Het is lang geleden
een eeuwigheid
als in een droom
van oneindigheid
Alice loopt en roept
en valt en springt
Er zijn te weinig letters
om te zeggen wat ze voelt
Het lichaam schreeuwt, Alice
laat los, Alice
De wereld is zot genoeg
Slaap is niet langer nodig
Tijd kan je niet bevriezen
Kleine lieve Alice
Alice is een visuele tocht in het hoofd van een meisje, gedragen door stemmen en geluid. Dit wonderlijke avontuur is een bewerking van de klassieker van Lewis Caroll, Alice's Adventures in Wonderland, die voor de eerste keer verteld werd in 1862, zo'n 150 jaar geleden.
tijdlijn
Alice ging in première in april 2012 met een set van 5 voorstellingen in Turnhout. In 2013 werd de voorstelling hernomen in februari met een set van 4 voorstellingen.
credits
Regie / bewerking: Bart Van Gyseghem
Muziek: Piet Slangen
Kostuums: Katrien Van Bael
Cast:
Alice: Els Laenen, Liesbeth De Hertogh, Leen Teunkens
Konijn: Sam Willems
Hoedenmaker: Jana De Kockere
Koningin: Rani Janssen
Tweeling: Maartje Smits & Tis Daneels
Vier stemmen: Bo Verberck, Mirte Broeckx, Mathilde Van der Veken, Fréderique van Hout
in de pers
Alice in de wonderwereld van Theater Stap
Theatermaggezien 2012De duistere scène komt plots tot leven en de drie Alices, gespeeld door drie actrices van Theater Stap, belanden in een andere wereld. Met spetterend vuur verschijnen achter de houten pilaren de figuren uit het wonderland van Alice: de hoedenmaker, de koningin, de tweeling, het konijn. Zij worden vertolkt door de jonge Kaaimannen/vrouwen. Zij zijn nu de niet-normalen, de vreemden die de drie meisjes verleiden, lokken, misleiden met beesteke beesteke, kom. Zij zijn ook de drinkebroers, de klaplopers, de schunnigen, de brutalen, de jaloersen. En de drie Alices geraken niet uit deze – voor hen tegenovergestelde - wereld, waarin ze gezogen zijn. Ze kunnen niet ontsnappen aan de kolkende emoties, de ontembare jeugdigheid van de wonderlandfiguren.

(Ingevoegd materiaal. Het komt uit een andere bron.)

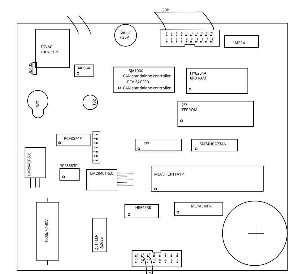 Na schéma desky zapomeň, to nemá ani fabrika. SM tyhle moduly řeší pouze jako celek /A8/, je vidět pouze jeden kabel (napájení + CAN?). Ačkoliv jsem tyhle retro stroje osobně nezažil, myslím si, že než "vykradené součástky" to bude spíš rozsypaný soft. Kombajnový monitor v původní stavu nedělá vůbec nic?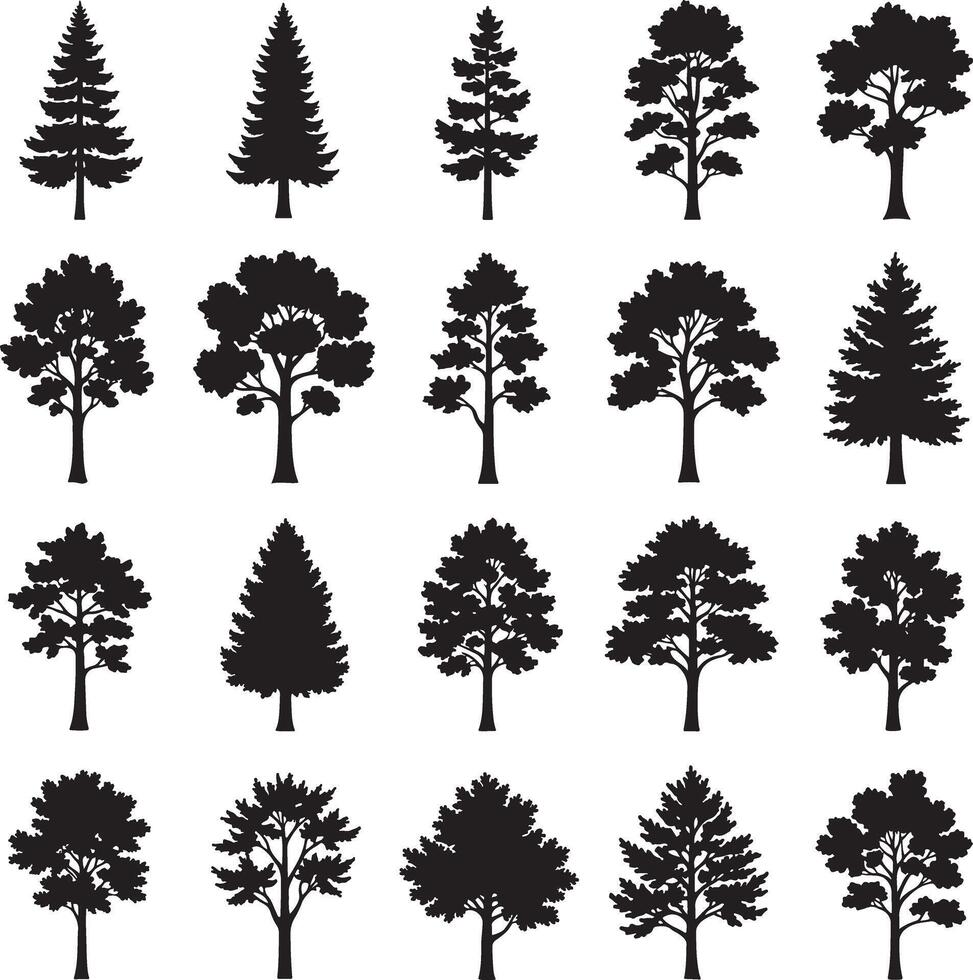 Minimal Silhouette Tree Collection Set of Deciduous, Conifer, and Palm Trees for Architectural and Landscape Projects Pro Vector

Regisseur Bart Van Gyseghem heeft met deze jonge mensen een aantrekkelijk heftige enscenering gemaakt van de wereld in het konijnenhol, met de soundscape, de belichting, de repetitieve sirenenzangen, de contrasten tussen de Stapmensen en de Kaaimannen/vrouwen. Na Geen wonder dat ik ween is dit ook een rake productie in zijn beelden, zijn tableaux vivants, zijn fysieke taal.